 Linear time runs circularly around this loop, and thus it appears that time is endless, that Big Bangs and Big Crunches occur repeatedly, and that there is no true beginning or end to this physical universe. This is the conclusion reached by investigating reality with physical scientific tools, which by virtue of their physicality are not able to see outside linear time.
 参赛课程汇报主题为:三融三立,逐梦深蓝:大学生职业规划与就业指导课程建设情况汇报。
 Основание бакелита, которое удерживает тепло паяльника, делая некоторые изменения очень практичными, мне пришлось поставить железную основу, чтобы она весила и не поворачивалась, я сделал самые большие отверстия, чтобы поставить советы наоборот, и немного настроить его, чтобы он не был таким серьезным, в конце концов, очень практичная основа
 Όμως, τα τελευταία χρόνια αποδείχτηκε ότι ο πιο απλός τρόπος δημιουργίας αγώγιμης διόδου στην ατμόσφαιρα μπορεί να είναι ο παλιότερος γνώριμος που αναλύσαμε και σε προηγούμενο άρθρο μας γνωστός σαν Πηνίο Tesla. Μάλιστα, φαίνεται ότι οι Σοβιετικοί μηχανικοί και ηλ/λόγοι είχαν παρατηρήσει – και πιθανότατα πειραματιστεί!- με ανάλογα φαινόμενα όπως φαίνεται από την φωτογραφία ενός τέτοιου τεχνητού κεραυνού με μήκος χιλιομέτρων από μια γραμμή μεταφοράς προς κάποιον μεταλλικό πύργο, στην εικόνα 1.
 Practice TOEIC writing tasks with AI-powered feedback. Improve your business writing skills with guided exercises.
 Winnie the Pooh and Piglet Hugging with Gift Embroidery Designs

==

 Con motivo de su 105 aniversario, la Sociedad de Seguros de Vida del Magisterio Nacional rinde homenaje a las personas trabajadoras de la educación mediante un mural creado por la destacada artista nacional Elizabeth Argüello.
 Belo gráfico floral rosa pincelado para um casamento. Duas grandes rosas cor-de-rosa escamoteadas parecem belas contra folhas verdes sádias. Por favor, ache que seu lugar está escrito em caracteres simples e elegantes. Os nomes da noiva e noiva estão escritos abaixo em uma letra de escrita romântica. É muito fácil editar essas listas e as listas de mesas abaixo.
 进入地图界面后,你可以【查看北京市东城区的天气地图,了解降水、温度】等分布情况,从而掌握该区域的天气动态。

--

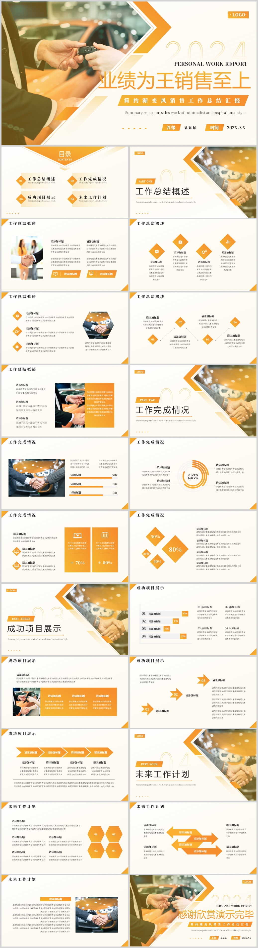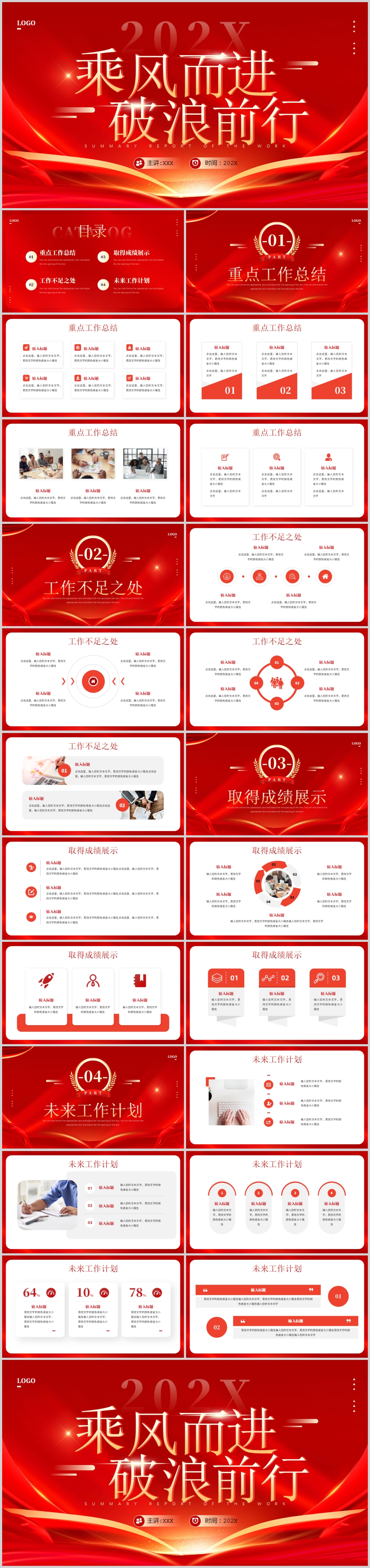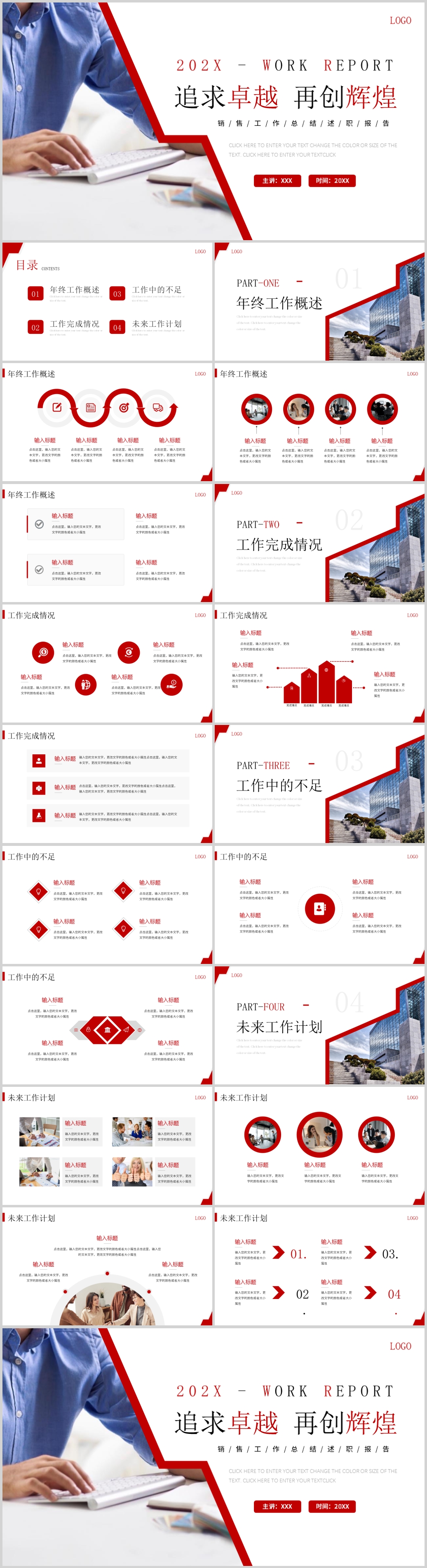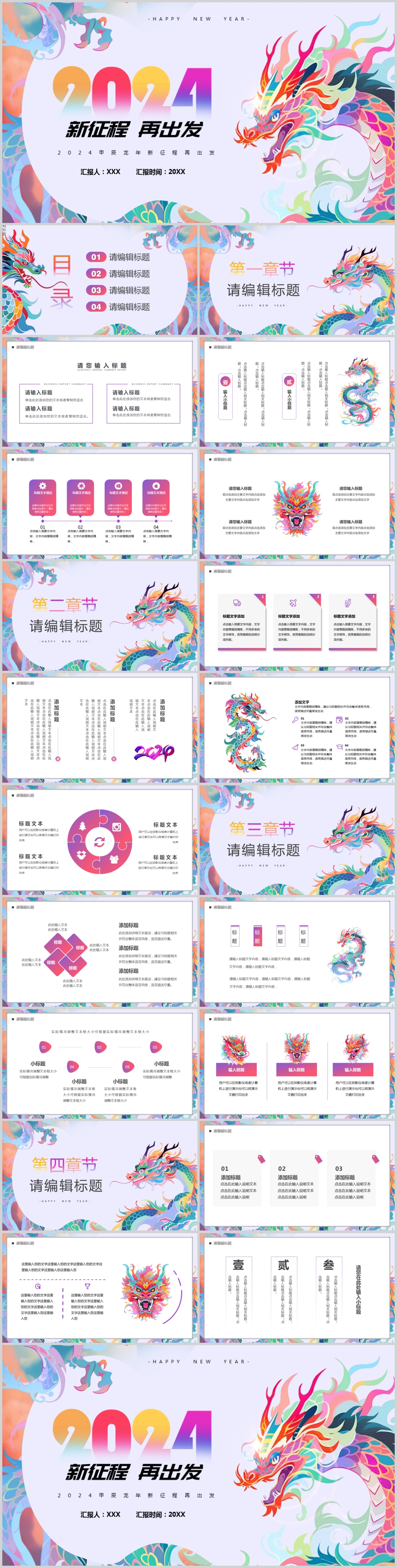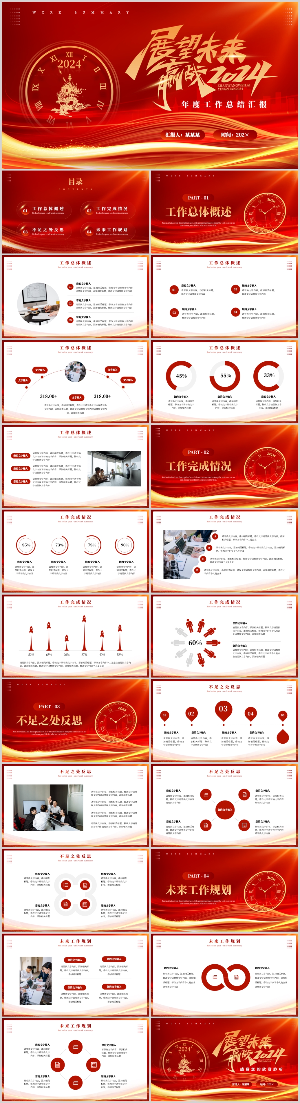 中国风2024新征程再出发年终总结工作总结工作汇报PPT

[Task goal] Produce only the lines from the line containing "参赛课程汇报主题为:三融三立" through the line containing "Основание бакелита, которое", inclusive of both, exactly as they stand in the entries above.

[Response]
 参赛课程汇报主题为:三融三立,逐梦深蓝:大学生职业规划与就业指导课程建设情况汇报。
 Основание бакелита, которое удерживает тепло паяльника, делая некоторые изменения очень практичными, мне пришлось поставить железную основу, чтобы она весила и не поворачивалась, я сделал самые большие отверстия, чтобы поставить советы наоборот, и немного настроить его, чтобы он не был таким серьезным, в конце концов, очень практичная основа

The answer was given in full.